### Data excerpts

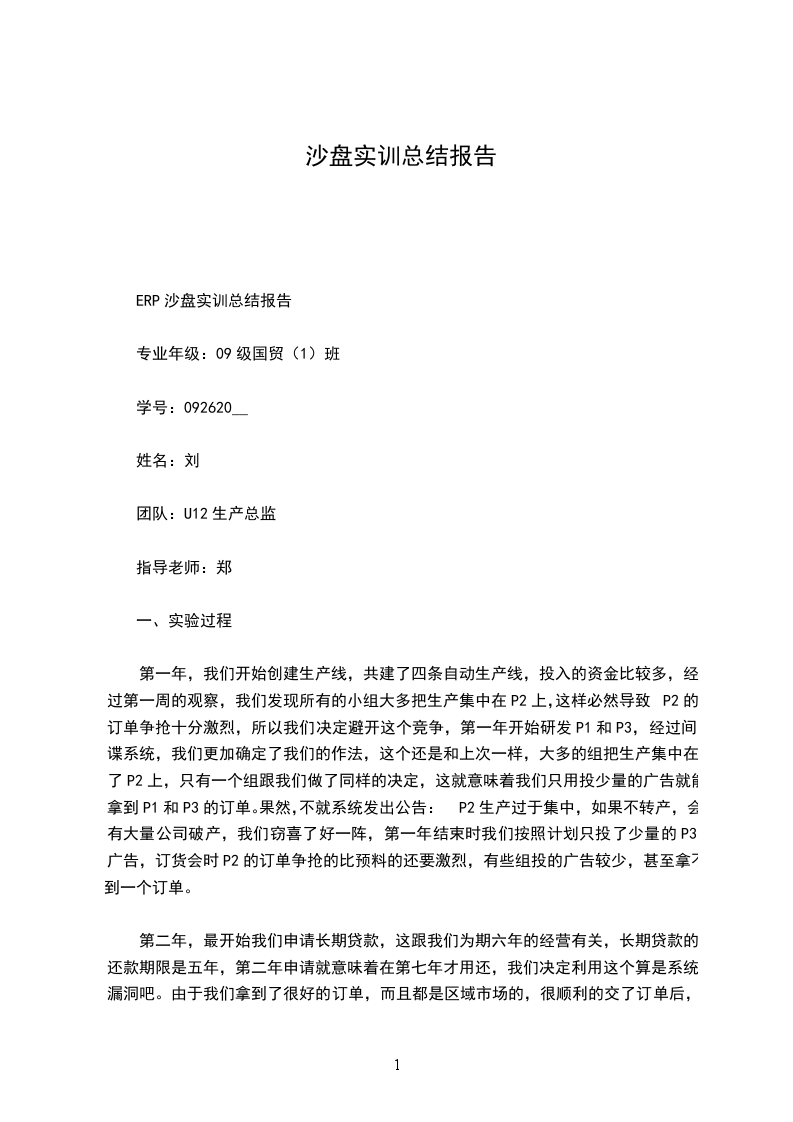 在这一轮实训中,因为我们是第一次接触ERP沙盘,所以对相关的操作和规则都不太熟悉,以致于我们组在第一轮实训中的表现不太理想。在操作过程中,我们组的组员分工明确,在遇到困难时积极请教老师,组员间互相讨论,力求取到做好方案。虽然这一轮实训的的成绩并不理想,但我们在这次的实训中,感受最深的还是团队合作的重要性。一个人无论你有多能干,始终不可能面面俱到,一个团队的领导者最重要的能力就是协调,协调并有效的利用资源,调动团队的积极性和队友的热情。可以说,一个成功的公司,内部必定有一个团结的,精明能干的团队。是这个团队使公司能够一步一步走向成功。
---
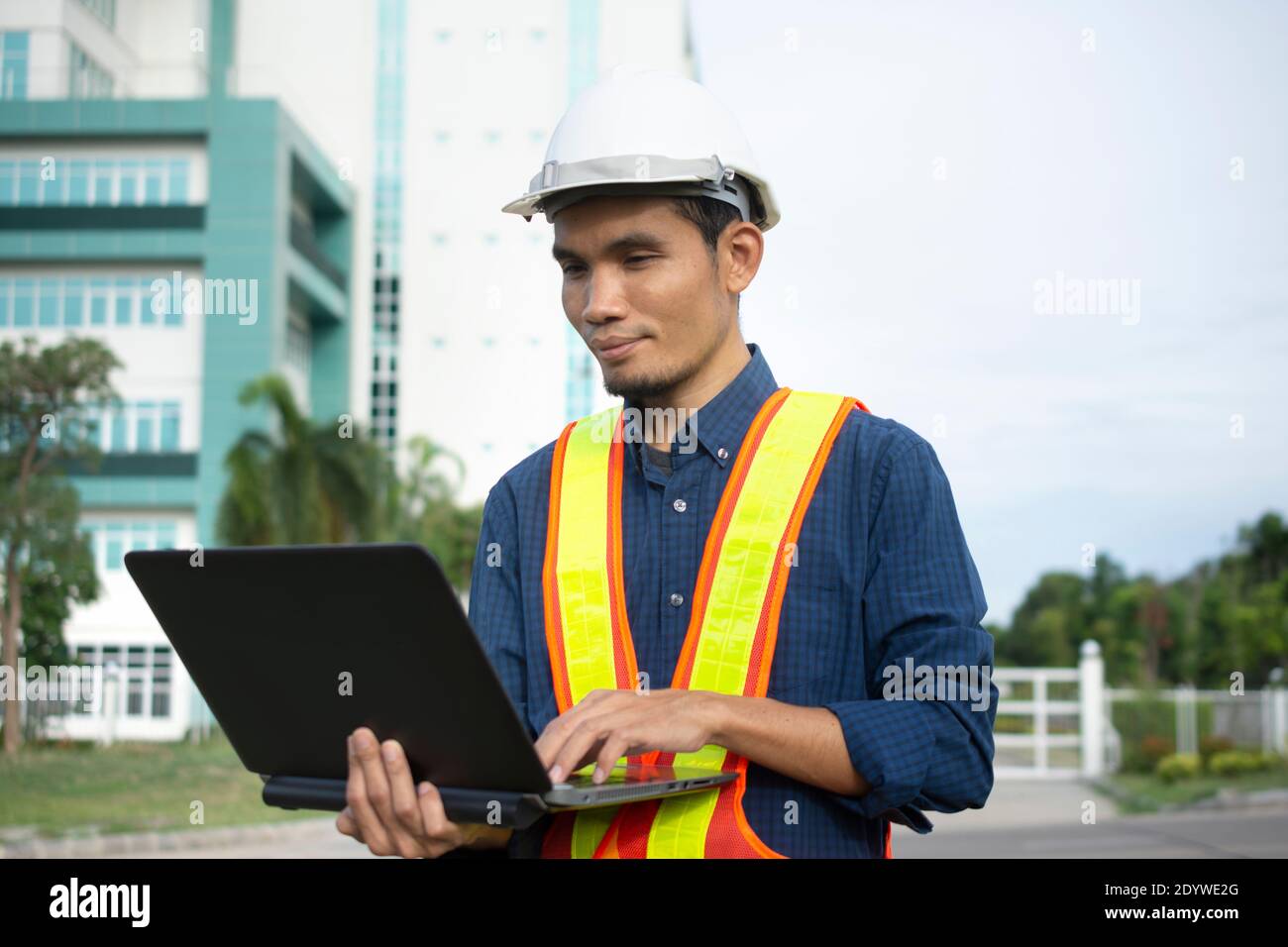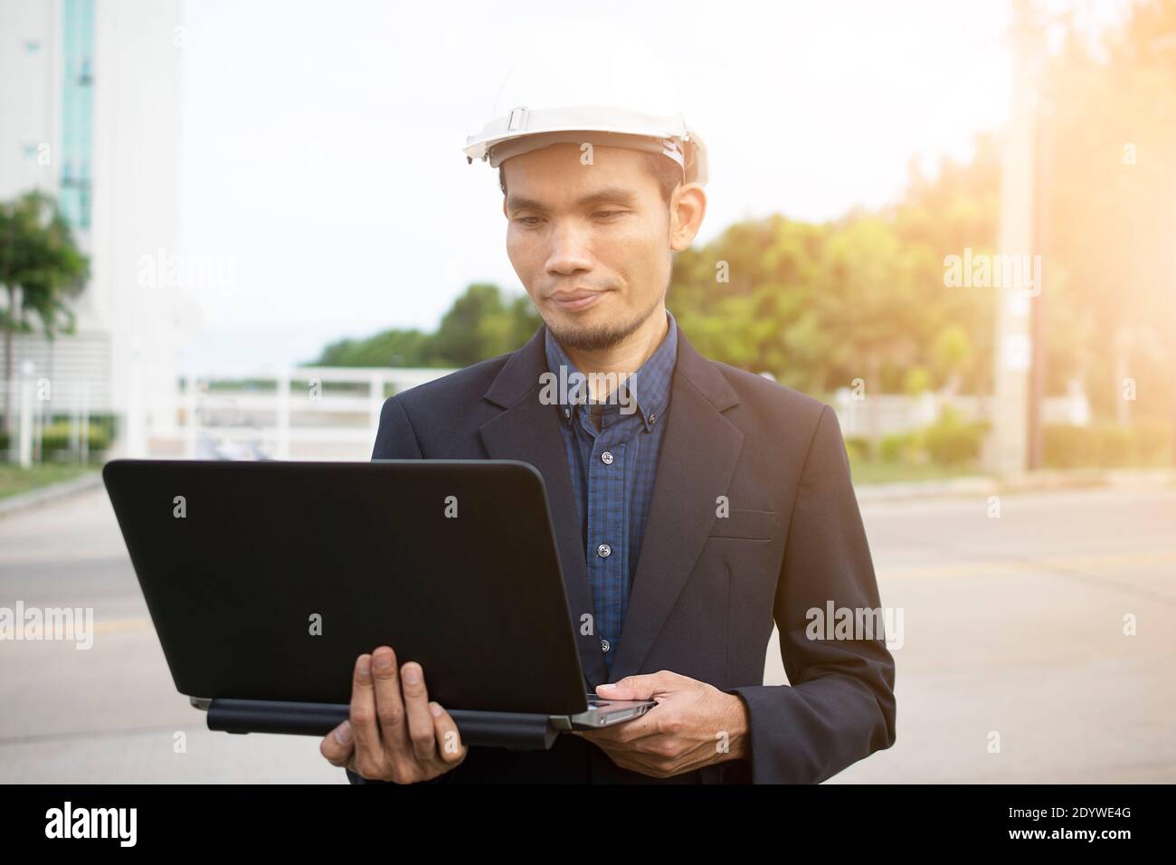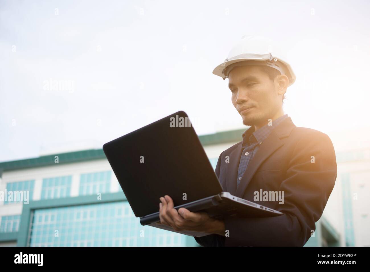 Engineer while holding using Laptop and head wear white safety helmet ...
* * *
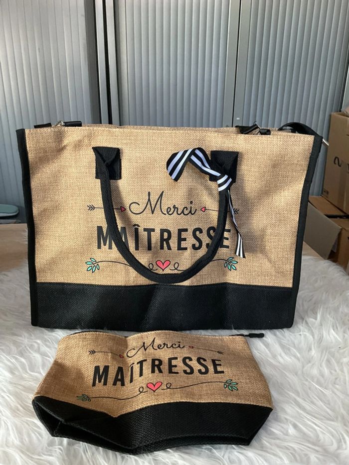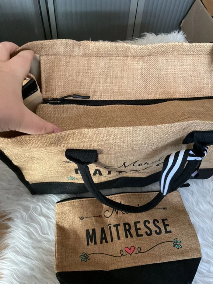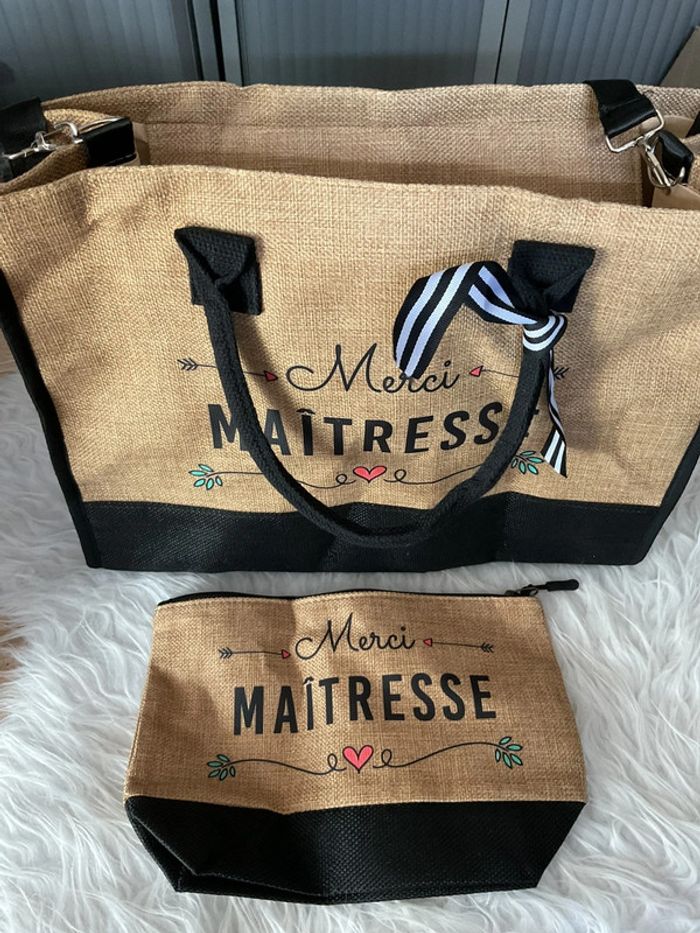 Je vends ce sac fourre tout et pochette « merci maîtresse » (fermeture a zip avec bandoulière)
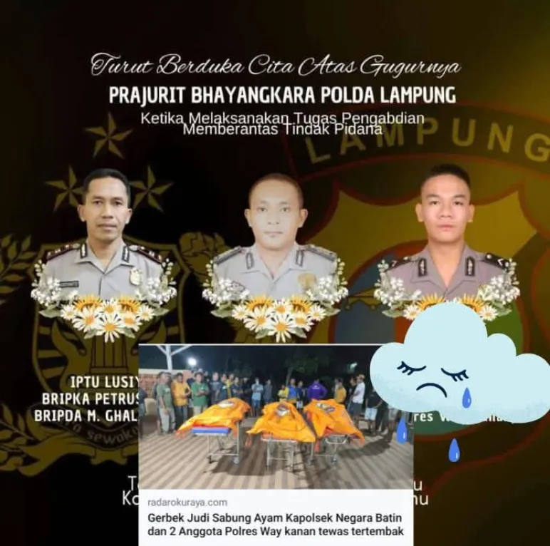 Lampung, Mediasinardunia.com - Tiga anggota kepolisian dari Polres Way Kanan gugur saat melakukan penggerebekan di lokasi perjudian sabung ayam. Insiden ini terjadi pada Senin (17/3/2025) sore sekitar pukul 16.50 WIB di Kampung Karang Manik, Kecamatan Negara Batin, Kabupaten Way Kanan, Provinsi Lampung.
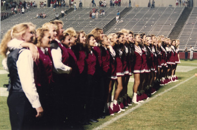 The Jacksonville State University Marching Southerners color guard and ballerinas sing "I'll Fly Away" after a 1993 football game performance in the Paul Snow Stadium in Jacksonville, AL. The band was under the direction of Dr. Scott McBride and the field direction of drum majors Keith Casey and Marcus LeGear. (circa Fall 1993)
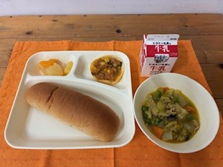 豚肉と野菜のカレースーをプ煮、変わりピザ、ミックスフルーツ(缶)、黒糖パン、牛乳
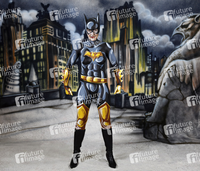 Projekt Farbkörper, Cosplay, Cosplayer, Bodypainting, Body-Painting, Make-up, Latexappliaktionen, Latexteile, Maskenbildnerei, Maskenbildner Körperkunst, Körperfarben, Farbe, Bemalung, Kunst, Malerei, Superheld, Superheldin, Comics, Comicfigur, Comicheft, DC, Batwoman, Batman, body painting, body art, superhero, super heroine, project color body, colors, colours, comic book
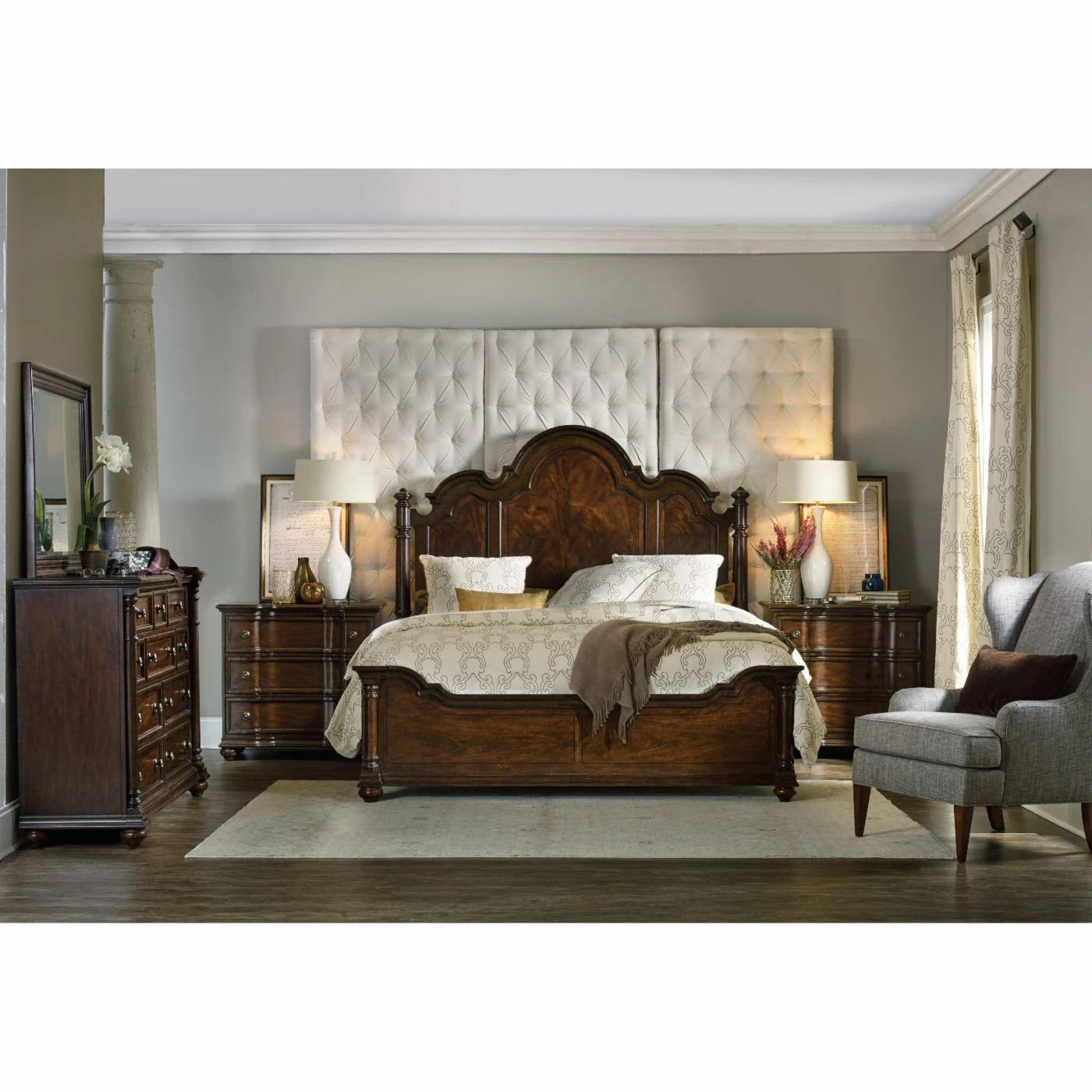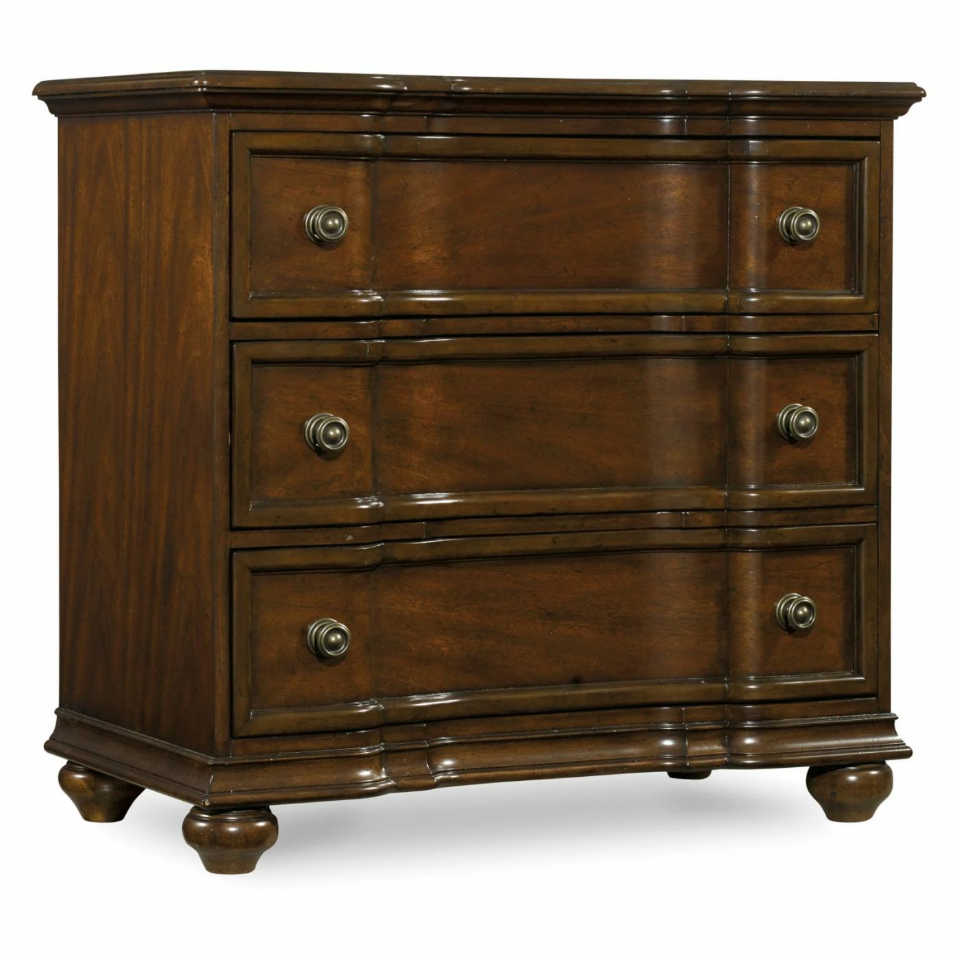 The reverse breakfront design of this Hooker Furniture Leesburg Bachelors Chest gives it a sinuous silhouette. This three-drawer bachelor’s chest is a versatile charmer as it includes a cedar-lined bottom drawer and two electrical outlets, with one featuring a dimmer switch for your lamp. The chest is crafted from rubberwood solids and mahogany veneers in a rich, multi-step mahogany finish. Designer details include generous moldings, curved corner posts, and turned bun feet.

### Required action
Word for word, repeat the lines above from the one with "The Jacksonville State" through the one with "豚肉と野菜のカレースーをプ煮", and nothing beyond them. Omit the pictures.

### Output for this exercise
 The Jacksonville State University Marching Southerners color guard and ballerinas sing "I'll Fly Away" after a 1993 football game performance in the Paul Snow Stadium in Jacksonville, AL. The band was under the direction of Dr. Scott McBride and the field direction of drum majors Keith Casey and Marcus LeGear. (circa Fall 1993)
 豚肉と野菜のカレースーをプ煮、変わりピザ、ミックスフルーツ(缶)、黒糖パン、牛乳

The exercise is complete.